_Task goal_
Without the pictures, extract every line from the start of the material to the line containing "Narożnik z funkcją", both ends included.

_Data for analysis_
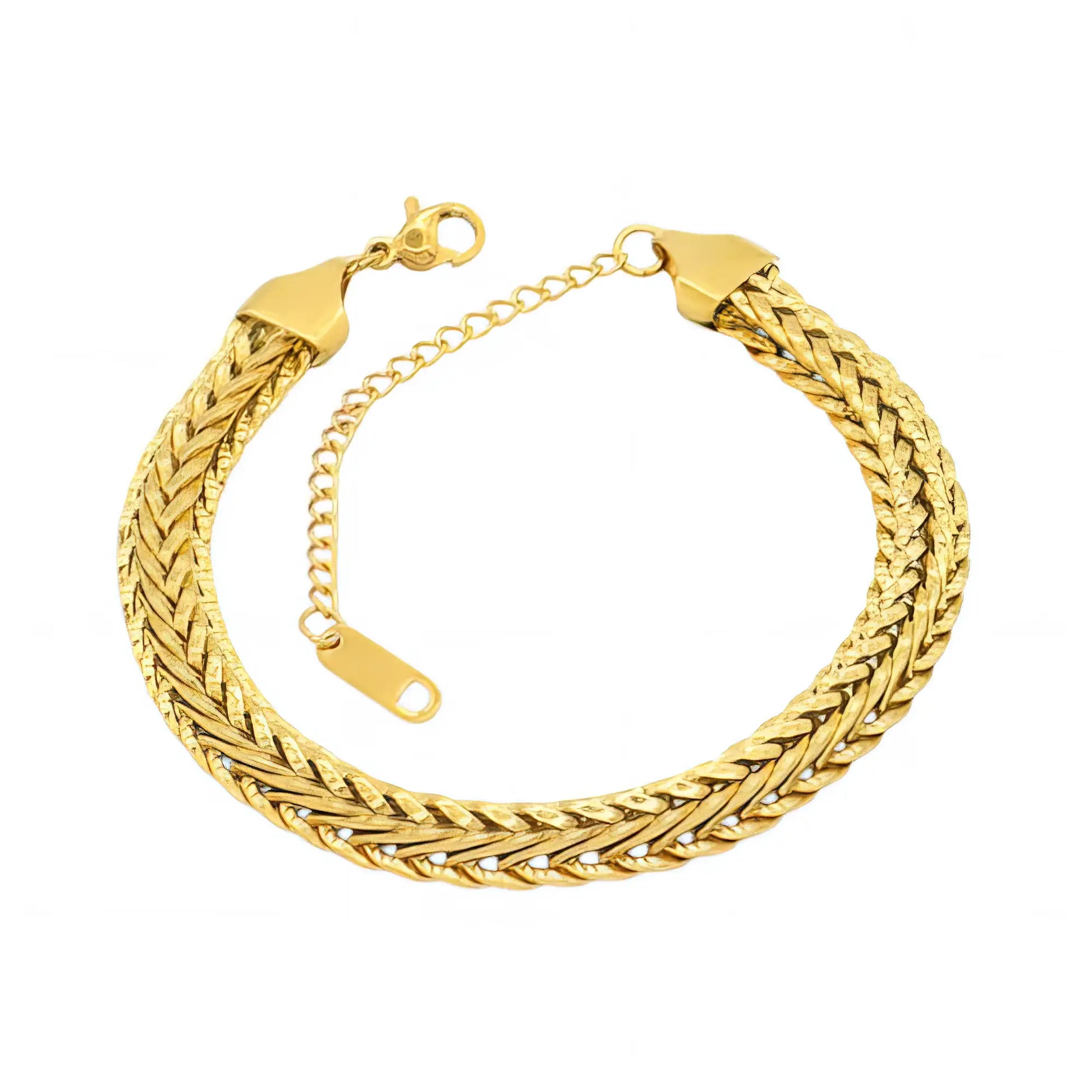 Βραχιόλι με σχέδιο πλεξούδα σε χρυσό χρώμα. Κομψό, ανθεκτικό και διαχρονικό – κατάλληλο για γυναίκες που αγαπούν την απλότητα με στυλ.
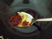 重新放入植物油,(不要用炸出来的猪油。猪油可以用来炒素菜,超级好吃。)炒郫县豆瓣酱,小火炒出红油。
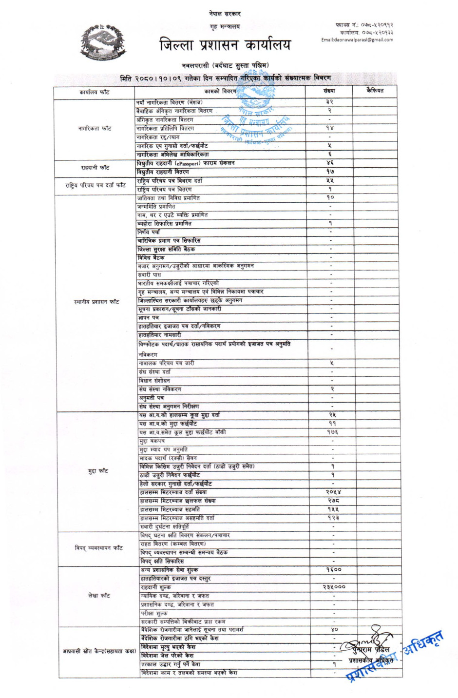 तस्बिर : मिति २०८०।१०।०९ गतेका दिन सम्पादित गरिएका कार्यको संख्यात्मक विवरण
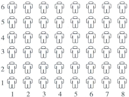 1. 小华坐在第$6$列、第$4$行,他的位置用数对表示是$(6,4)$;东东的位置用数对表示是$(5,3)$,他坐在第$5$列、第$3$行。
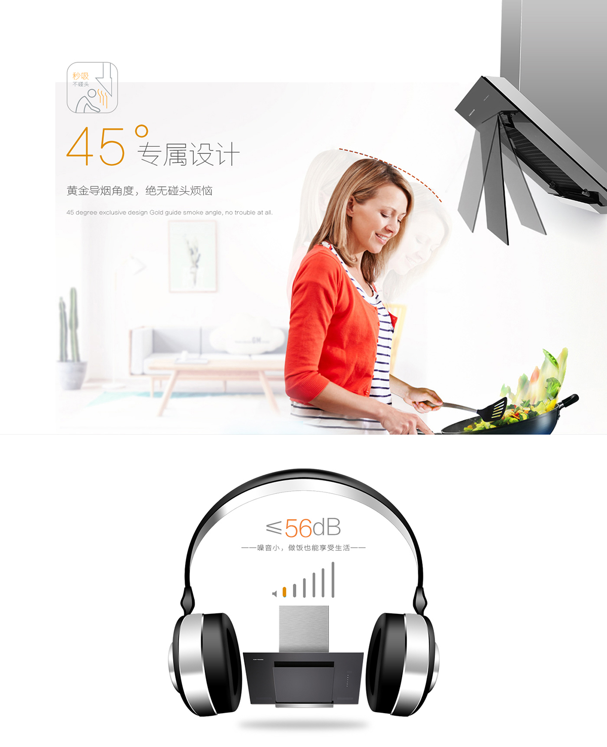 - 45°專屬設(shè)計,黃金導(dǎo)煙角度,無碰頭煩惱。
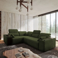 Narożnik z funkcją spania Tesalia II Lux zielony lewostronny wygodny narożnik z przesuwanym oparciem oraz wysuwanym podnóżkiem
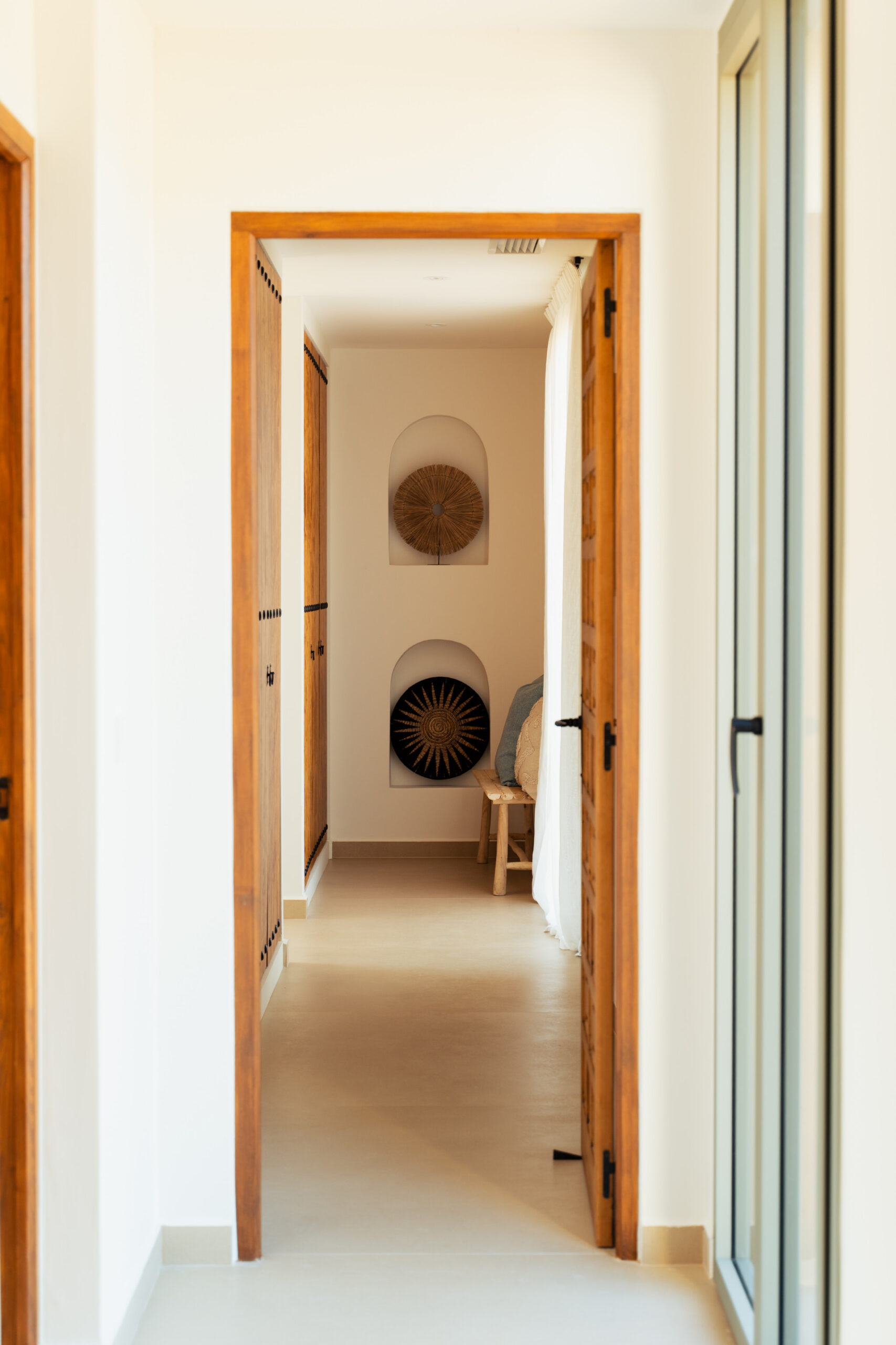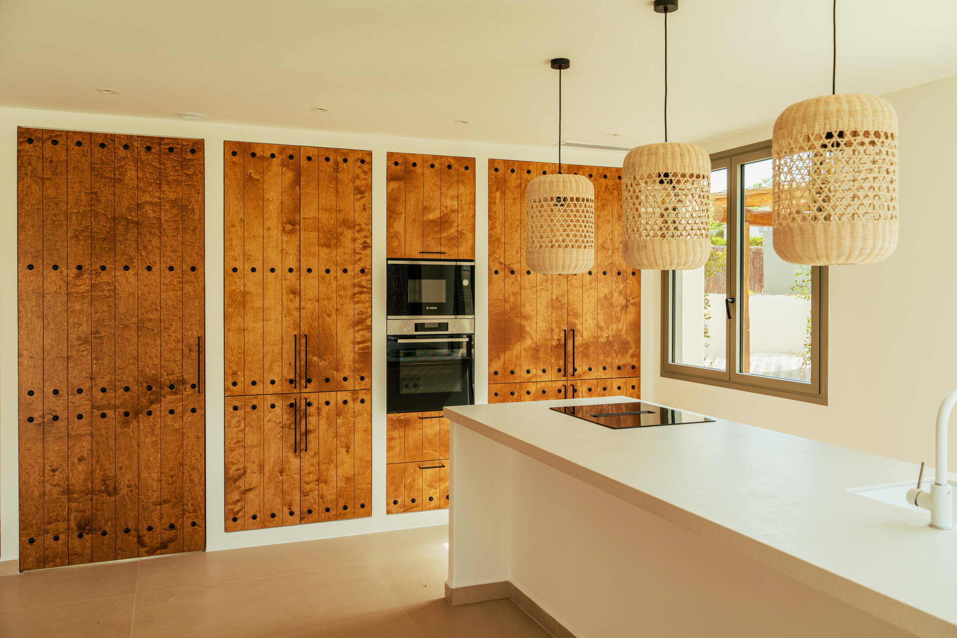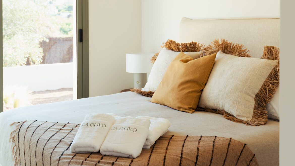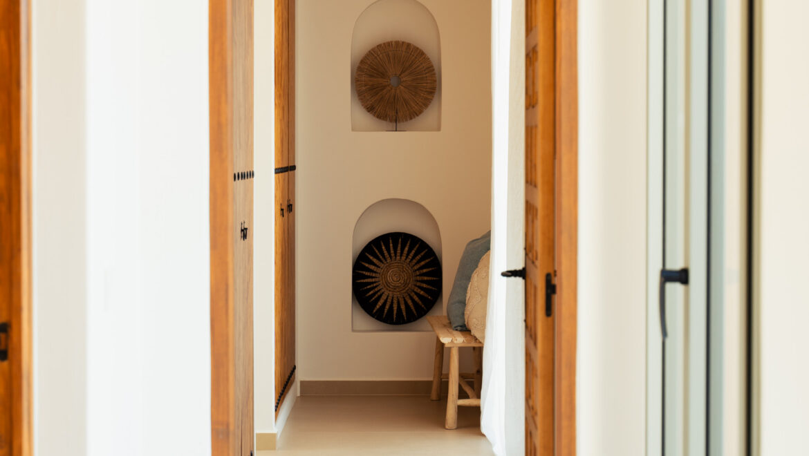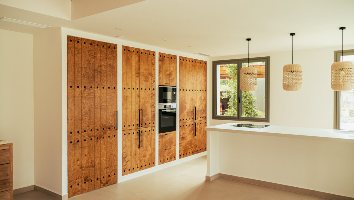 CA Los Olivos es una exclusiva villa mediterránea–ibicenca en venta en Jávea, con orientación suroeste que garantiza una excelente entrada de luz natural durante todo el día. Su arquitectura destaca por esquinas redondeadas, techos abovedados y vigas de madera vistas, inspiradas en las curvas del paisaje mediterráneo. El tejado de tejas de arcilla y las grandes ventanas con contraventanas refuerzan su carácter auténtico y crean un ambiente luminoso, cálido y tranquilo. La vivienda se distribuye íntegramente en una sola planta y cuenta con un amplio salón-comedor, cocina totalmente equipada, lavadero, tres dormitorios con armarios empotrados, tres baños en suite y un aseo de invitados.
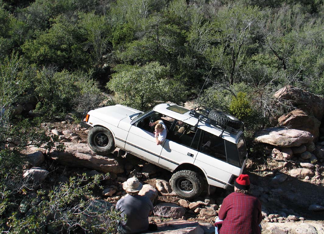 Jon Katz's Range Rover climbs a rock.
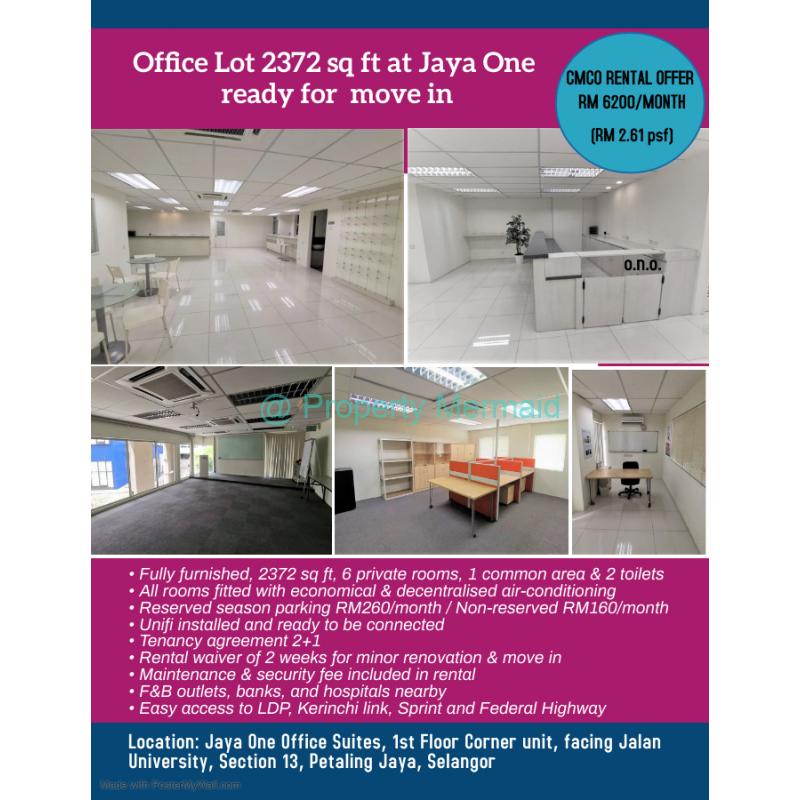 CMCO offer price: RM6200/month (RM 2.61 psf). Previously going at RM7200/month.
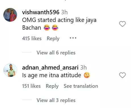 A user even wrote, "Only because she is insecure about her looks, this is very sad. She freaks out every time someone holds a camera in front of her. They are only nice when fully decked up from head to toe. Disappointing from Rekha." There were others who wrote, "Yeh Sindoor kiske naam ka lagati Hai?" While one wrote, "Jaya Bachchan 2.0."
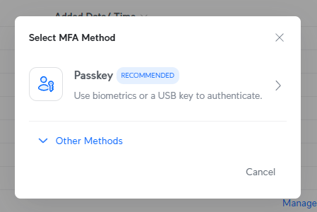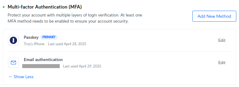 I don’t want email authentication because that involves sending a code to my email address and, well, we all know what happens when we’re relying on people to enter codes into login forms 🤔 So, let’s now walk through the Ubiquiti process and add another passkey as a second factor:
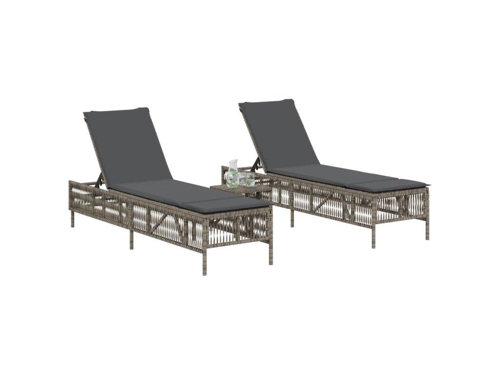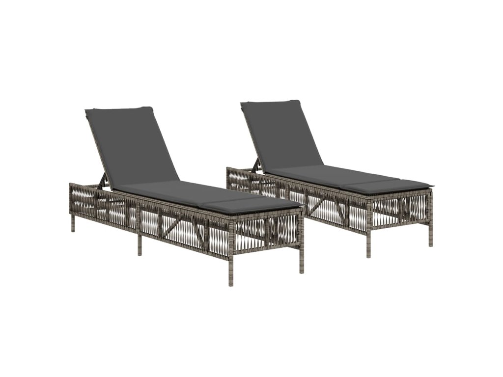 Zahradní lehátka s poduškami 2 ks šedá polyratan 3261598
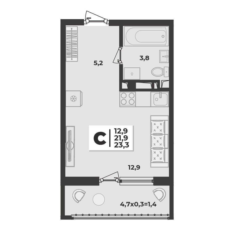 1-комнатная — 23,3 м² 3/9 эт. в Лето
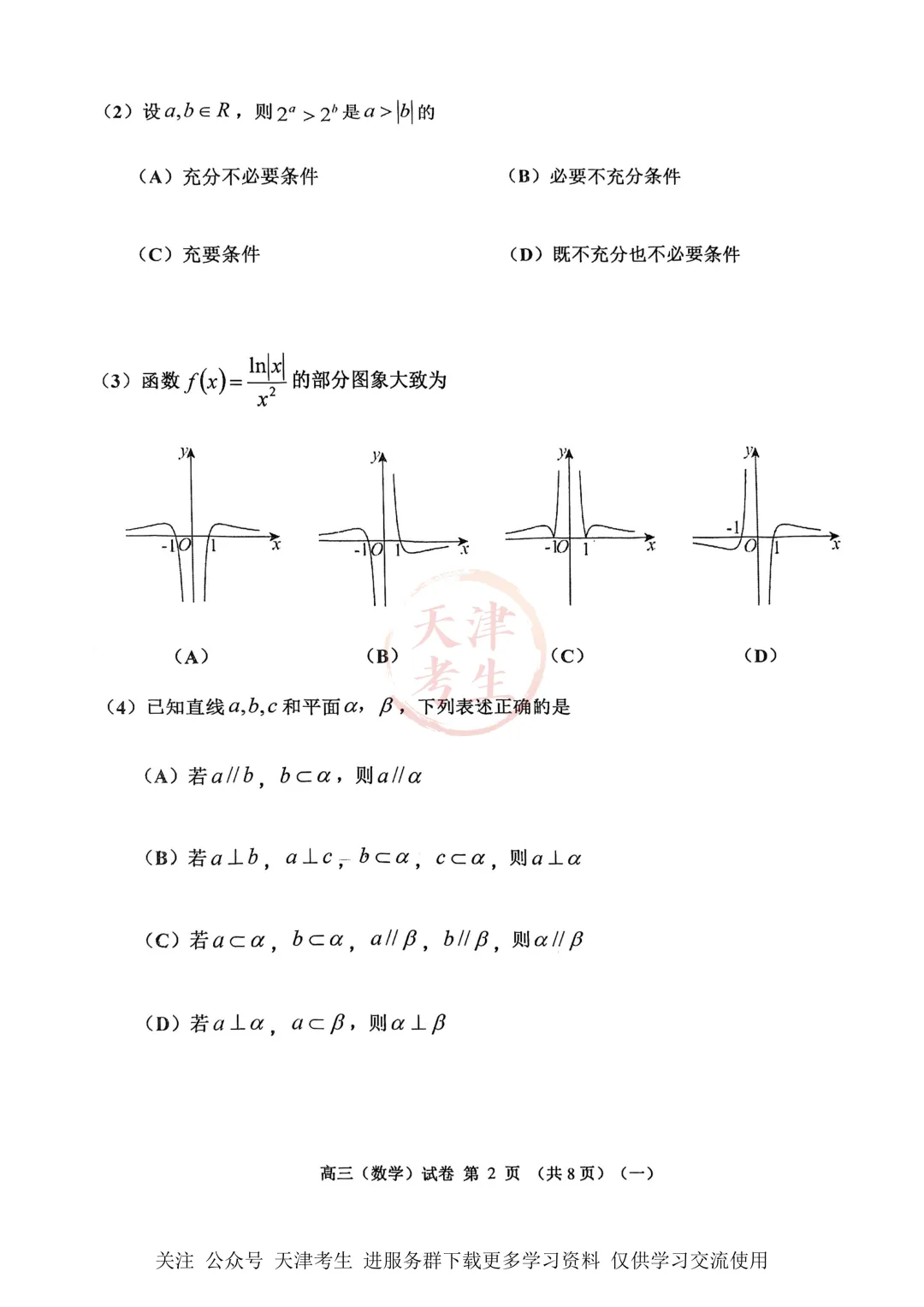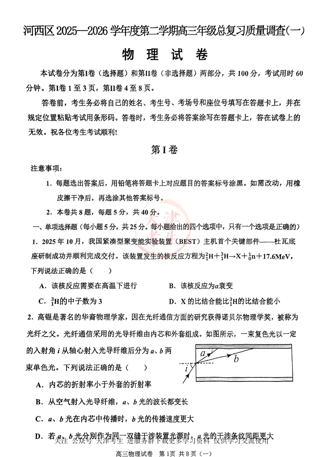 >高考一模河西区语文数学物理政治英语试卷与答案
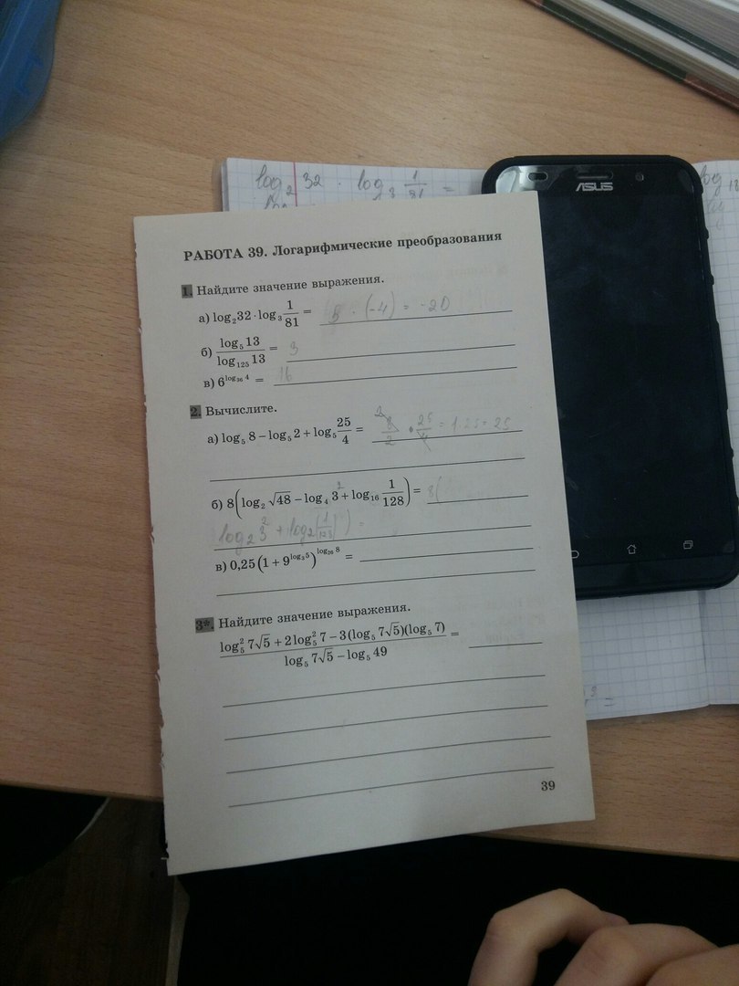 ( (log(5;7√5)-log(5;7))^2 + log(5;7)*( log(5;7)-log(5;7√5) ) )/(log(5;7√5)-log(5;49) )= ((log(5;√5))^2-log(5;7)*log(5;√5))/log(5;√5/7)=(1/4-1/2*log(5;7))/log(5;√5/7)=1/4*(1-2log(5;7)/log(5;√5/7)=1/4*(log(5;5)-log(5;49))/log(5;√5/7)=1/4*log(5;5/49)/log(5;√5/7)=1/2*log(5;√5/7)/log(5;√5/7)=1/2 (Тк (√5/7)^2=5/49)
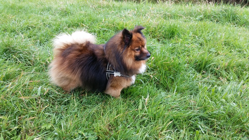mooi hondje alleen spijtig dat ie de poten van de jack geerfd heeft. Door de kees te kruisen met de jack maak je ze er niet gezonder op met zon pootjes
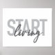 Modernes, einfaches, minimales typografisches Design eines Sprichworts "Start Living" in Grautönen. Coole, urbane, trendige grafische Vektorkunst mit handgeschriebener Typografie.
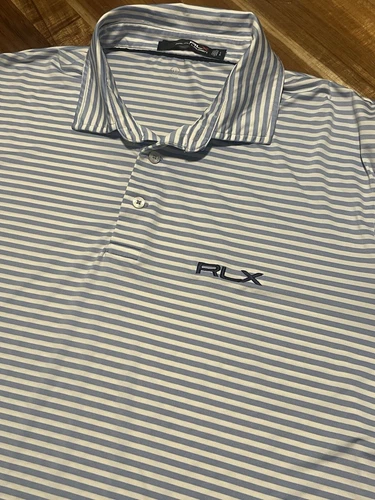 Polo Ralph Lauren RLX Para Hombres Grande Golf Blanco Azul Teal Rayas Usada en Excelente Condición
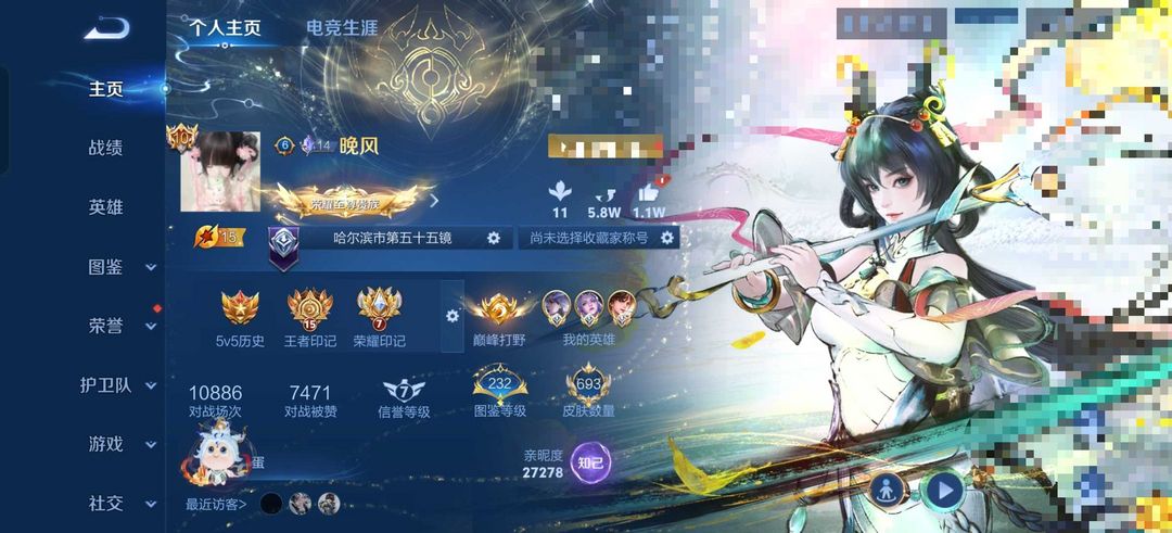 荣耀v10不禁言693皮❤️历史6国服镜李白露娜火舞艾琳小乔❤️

_Output of the task_
 Βραχιόλι με σχέδιο πλεξούδα σε χρυσό χρώμα. Κομψό, ανθεκτικό και διαχρονικό – κατάλληλο για γυναίκες που αγαπούν την απλότητα με στυλ.
 重新放入植物油,(不要用炸出来的猪油。猪油可以用来炒素菜,超级好吃。)炒郫县豆瓣酱,小火炒出红油。
 तस्बिर : मिति २०८०।१०।०९ गतेका दिन सम्पादित गरिएका कार्यको संख्यात्मक विवरण
 1. 小华坐在第$6$列、第$4$行,他的位置用数对表示是$(6,4)$;东东的位置用数对表示是$(5,3)$,他坐在第$5$列、第$3$行。
 - 45°專屬設(shè)計,黃金導(dǎo)煙角度,無碰頭煩惱。
 Narożnik z funkcją spania Tesalia II Lux zielony lewostronny wygodny narożnik z przesuwanym oparciem oraz wysuwanym podnóżkiem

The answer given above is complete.